I struggled for years with hand sharpening, grinder jigs, Workmates, etc. Once I got a Tormek and spent about a day watching the videos and learning it my turning improved vastly. I actually have SHARP tools now and when I go back to regrind I get a predictable angle. I don't burn the tools anymore and there are no sparks since it is slow speed and water cooled.


----------



## REO (Sep 20, 2012)

dipping in water will not take the temper away unless the tool has already been overheated. KEEP the tool cool. dont let the heat build up ahead of you. It just depends on your comfort level LOL if you get your sleeve caught in either it could be bad! Search You tube for diy grinding jigs there are many on there. The biggest diferance between a good tool and a poor one is the quality of the metal and how often you have to hone or sharpen. the second is how the tool is used. If used to shear cut it will last a whole lot longer than scrape cutting. Riding the bevel to hard pressure wise can shorten edge life as well use enough pressure for control but not so much as to polish the wood behind the cut.


----------



## hate2sand (Mar 9, 2012)

I use Wolverine jigs and a 8" SLOW speed grinder. Excellent results and you can easily touch up your tools as you work if need be.


----------



## DS (Oct 10, 2011)

There's a lot of good ideas and information here, thanks.

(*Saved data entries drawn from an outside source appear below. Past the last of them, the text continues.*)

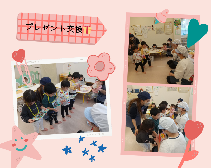 栄養士と調理員から毎日いっぱい給食をおいしく食べてくれたうさぎ組さんにプレゼントを渡しました🎁
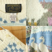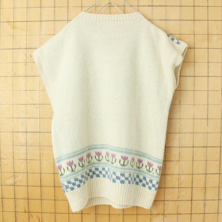 80s 90s ウルグアイ製 SOUTH WOOL ハンドメイド ウールニットベスト レディースM アヒル柄 オフホワイト アメリカ古着 011426aw57
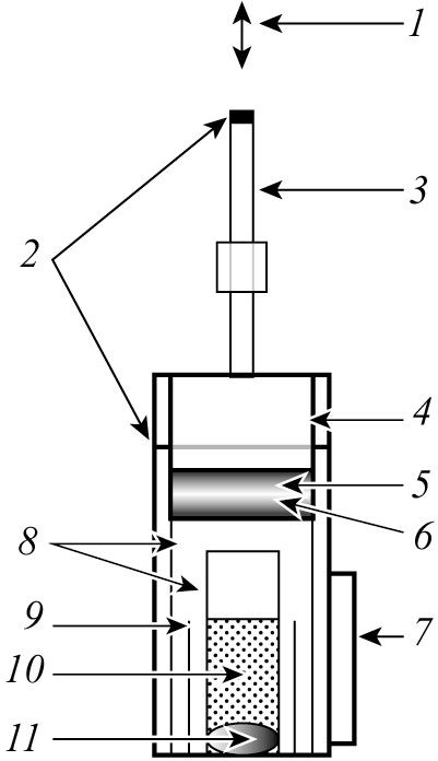 Рис. 1. 1 — Вакуумирование, вход аргона; 2 — места сварки; 3 — тонкостенная трубка; 4 — вкладыш; 5 — титановая крышка; 6 — танталовая крышка; 7 — карман для термопары; 8 — молибденовые тигли; 9 — молибденовые распорки; 10 — солевой расплав; 11 — церий.
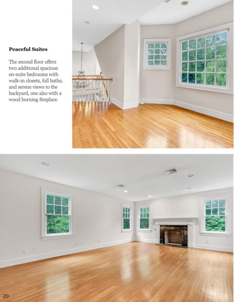 Peaceful Suites The second floor offers two additional spacious en-suite bedrooms with walk-in closets, full baths, and serene views to the backyard, one also with a wood burning fireplace. 20
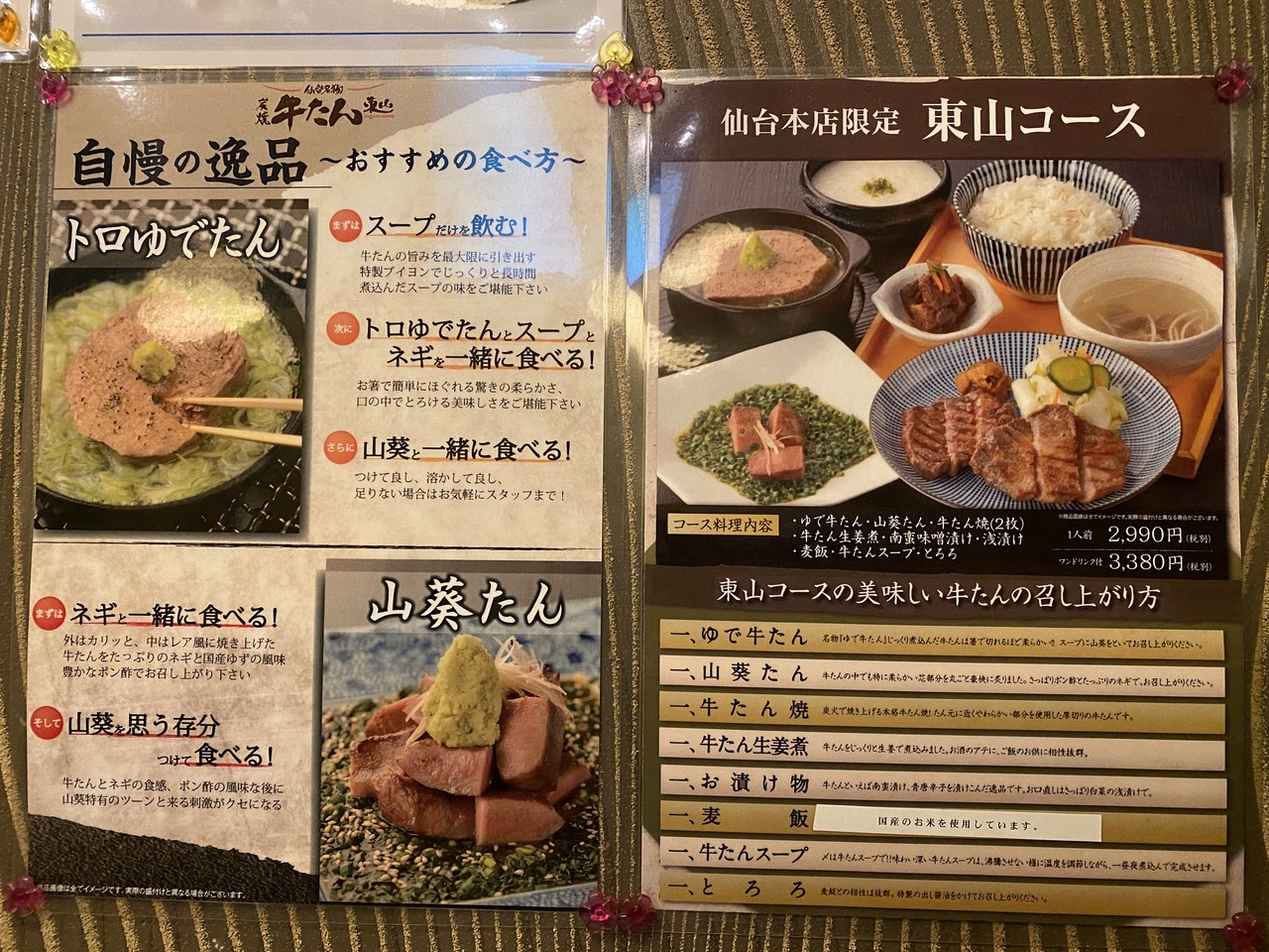 今回は、いろいろな牛タン料理を食べられる『炭火牛たん東山 仙台本店』にしました。

I think I will try the shop made Wolverine jig at first. That seems simple enough and I already have the grinder.

I've gotten this far by repeatedly honing the tools. They have just gotten beyond what you can help with a honing strop. (It didn't hurt that I only ocassionaly do turnings.)

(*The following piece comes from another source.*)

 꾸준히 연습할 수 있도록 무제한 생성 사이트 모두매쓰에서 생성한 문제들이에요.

Eventually, I will invest in a better system. (Tormek perhaps?)
For now though, I'll try this solution. It seems so simple up front.


----------



## BelleCityWW (May 28, 2007)

I made this with some shop scraps and I couldn't be happier with the performance! I also have the same lathe tools.










The Skew Chisel Attachment:










hth,
John


----------



## DS (Oct 10, 2011)

Nice John! I like that setup too!
I can see I'm going to be scoping out all the shop-made designs before I start.


----------



## dkirtley (Mar 11, 2010)

Personally, I just sharpen my HSS lathe tools on a belt sander. It is quick to turn around and just give it a new edge when it the tool starts feeling dull. I never bother going for a really fine edge as it doesn't last that long anyway. I use 220 grit belts that when they are a bit worn down are considerably finer.


----------



## superdav721 (Aug 16, 2010)

Ds the tormek has the jigs. They are $65 and up. I made one using there design and it seems to work for me.


----------



## TheDane (May 15, 2008)

DS251-Do you have a belt sander? I know a production turner who uses nothing but a belt sander with a 150 grit belt to sharpen skews, gouges, parting tools, etc.

-Gerry


----------



## Planeman40 (Nov 3, 2010)

My 2 cents . . .

I view the process as two different procedures - "shaping" and "sharpening". Grinders are used for "shaping" the tool. Slip stones and strops are used for "sharpening". Grinding is outlined in the posts above and in my opinion needs to only be done rarely when the tool edge becomes misshapen. True sharpening entails using stones (water stones, Arkansas stones (I like these), very fine diamond laps (I use these too), and other stones. For gouges there are round tapered stones with one side with a tapered grove. You will have to search for these but they are out there. I have two of these. Also, just recently I came across a really nice fine diamond "wave" shape sold by Rockler (http://www.rockler.com/product.cfm?page=31266&site=ROCKLER) that is ideal for gouges, both incannel and outcannel. It isn't cheap though. I have used this and I love it!

Last, after all of the grinding and stoning is done and the edge is "razor" sharp, it needs to be stropped to sharpen it more and polish the edge. I use a home made leather strop charged with jeweler's rouge (a very fine abrasive polish). Gouges can be stropped by draping the leather strop over an appropriate size dowel. Also, I use a Dremel tool with a hard buffing wheel and jeweler's rouge (the type for steel) to polish my tool edge to a mirror finish. You would be surprised how much this improves the cutting action.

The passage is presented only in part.